Records provided:
==============================

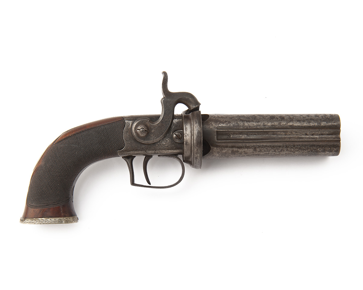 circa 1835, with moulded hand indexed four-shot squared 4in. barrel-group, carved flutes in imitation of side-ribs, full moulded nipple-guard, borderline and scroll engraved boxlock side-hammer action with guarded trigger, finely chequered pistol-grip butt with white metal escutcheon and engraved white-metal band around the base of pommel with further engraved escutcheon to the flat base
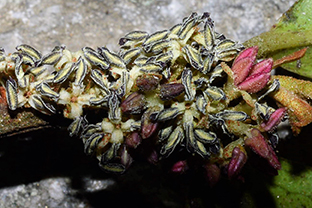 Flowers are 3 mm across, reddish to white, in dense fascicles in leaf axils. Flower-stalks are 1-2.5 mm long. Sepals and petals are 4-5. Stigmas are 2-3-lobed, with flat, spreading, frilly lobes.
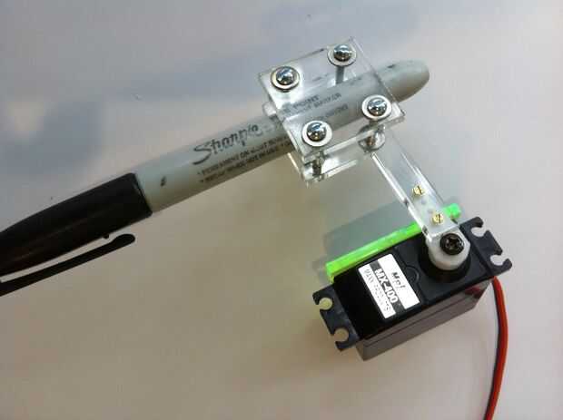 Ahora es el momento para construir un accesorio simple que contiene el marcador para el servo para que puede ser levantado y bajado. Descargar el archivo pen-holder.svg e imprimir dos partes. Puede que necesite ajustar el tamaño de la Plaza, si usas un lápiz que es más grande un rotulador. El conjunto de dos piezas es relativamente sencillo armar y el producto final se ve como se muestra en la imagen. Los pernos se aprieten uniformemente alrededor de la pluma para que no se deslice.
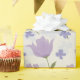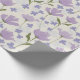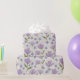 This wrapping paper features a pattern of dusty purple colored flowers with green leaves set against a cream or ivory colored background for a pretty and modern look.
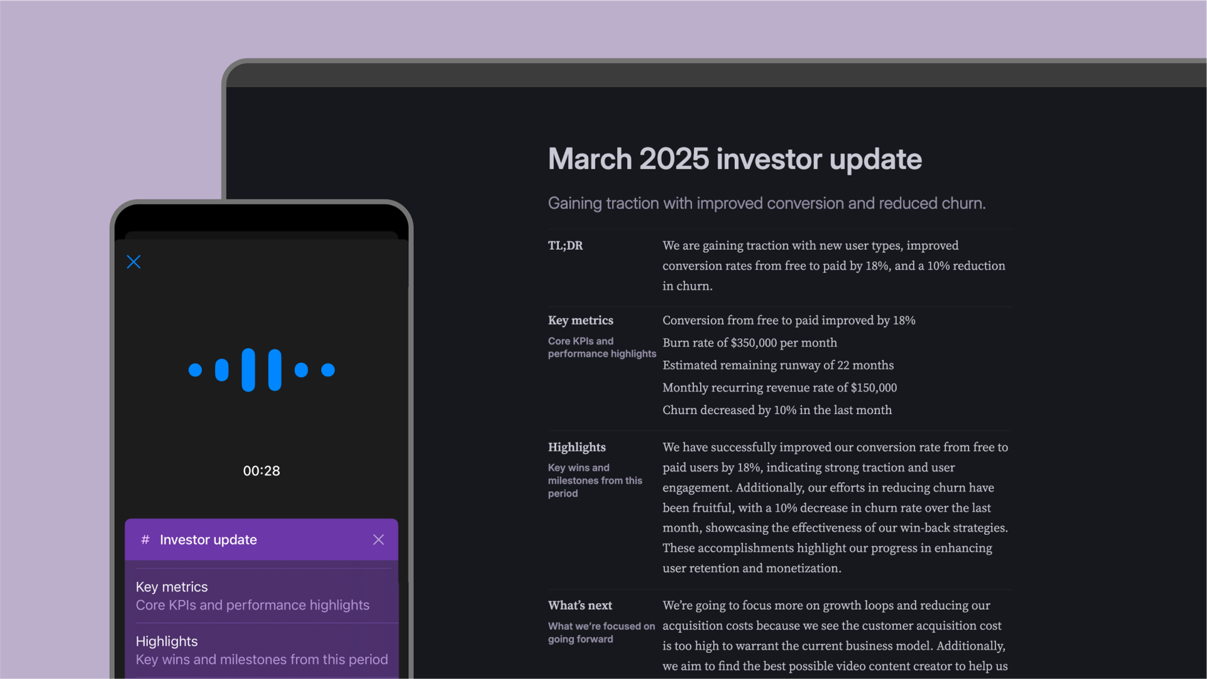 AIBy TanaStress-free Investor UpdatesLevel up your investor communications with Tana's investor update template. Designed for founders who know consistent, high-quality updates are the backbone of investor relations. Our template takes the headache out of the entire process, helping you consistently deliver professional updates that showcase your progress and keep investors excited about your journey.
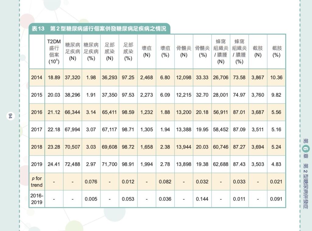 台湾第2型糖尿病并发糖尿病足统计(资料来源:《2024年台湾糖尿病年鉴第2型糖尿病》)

==============================

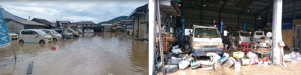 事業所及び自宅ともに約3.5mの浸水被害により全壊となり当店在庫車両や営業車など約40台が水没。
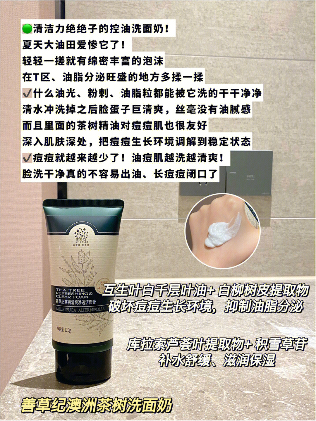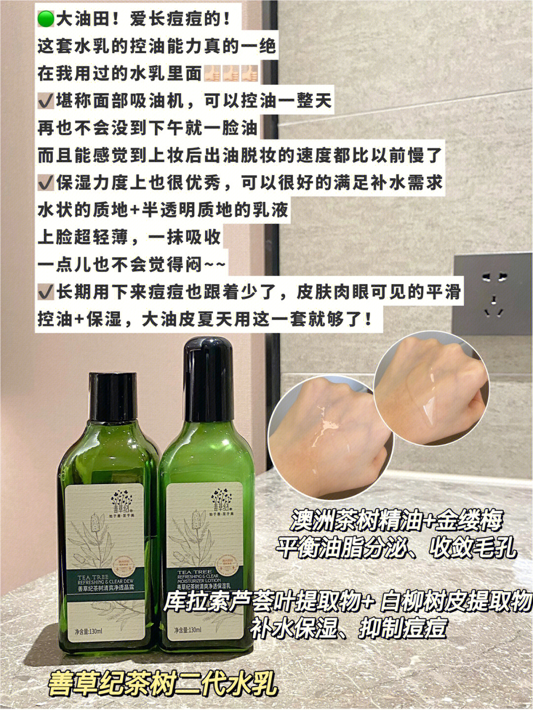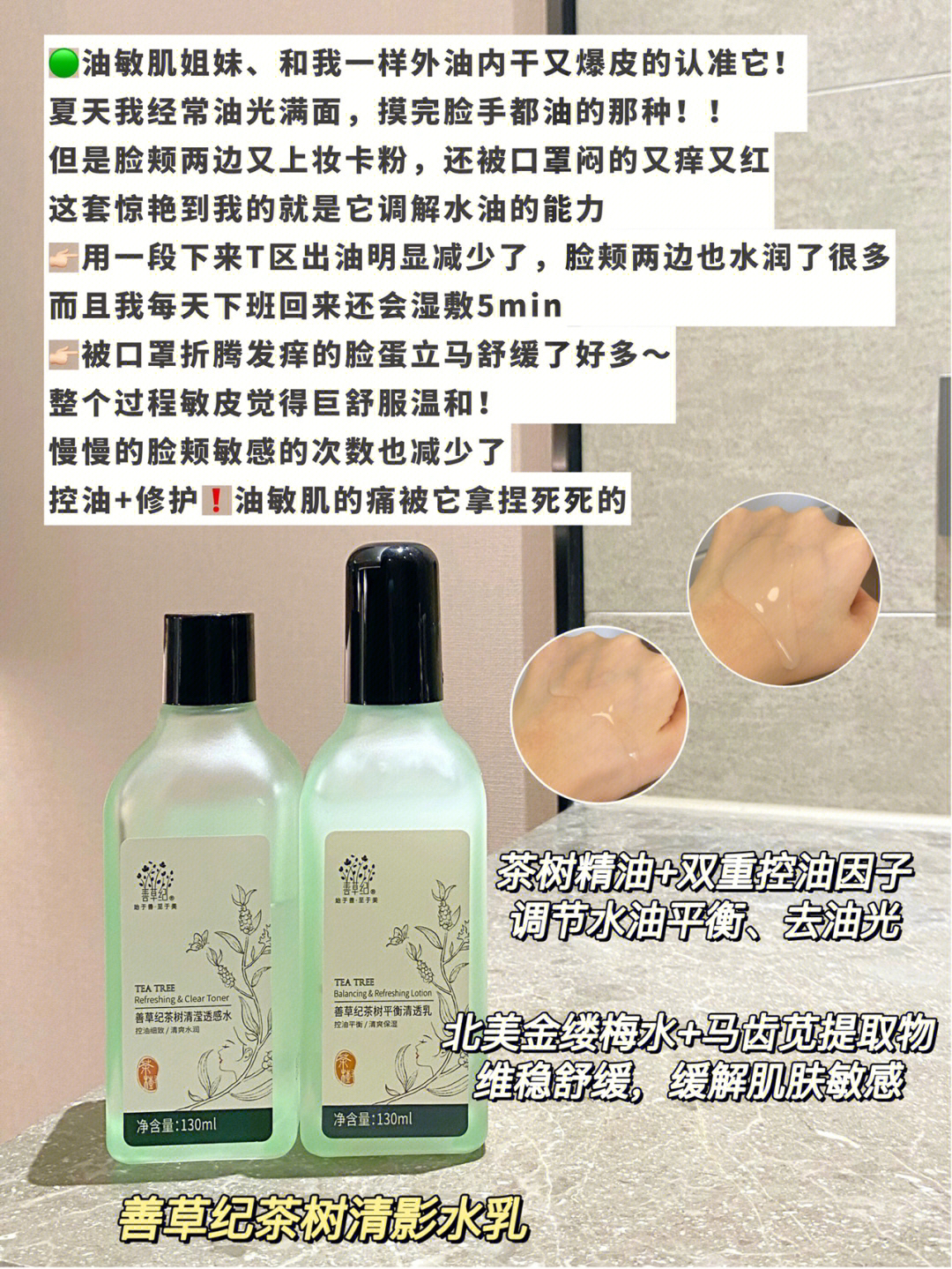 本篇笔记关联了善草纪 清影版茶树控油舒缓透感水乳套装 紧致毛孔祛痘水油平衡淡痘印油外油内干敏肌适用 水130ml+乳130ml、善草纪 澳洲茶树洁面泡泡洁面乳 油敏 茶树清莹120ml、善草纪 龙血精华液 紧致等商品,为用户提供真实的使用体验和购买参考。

==============================

Would you output only the span of the records above that opens with the line containing "AIBy TanaStress-free Investor" and closes with the line containing "台湾第2型糖尿病并发糖尿病足", ends included and pictures dropped?

Expected answer:
 AIBy TanaStress-free Investor UpdatesLevel up your investor communications with Tana's investor update template. Designed for founders who know consistent, high-quality updates are the backbone of investor relations. Our template takes the headache out of the entire process, helping you consistently deliver professional updates that showcase your progress and keep investors excited about your journey.
 台湾第2型糖尿病并发糖尿病足统计(资料来源:《2024年台湾糖尿病年鉴第2型糖尿病》)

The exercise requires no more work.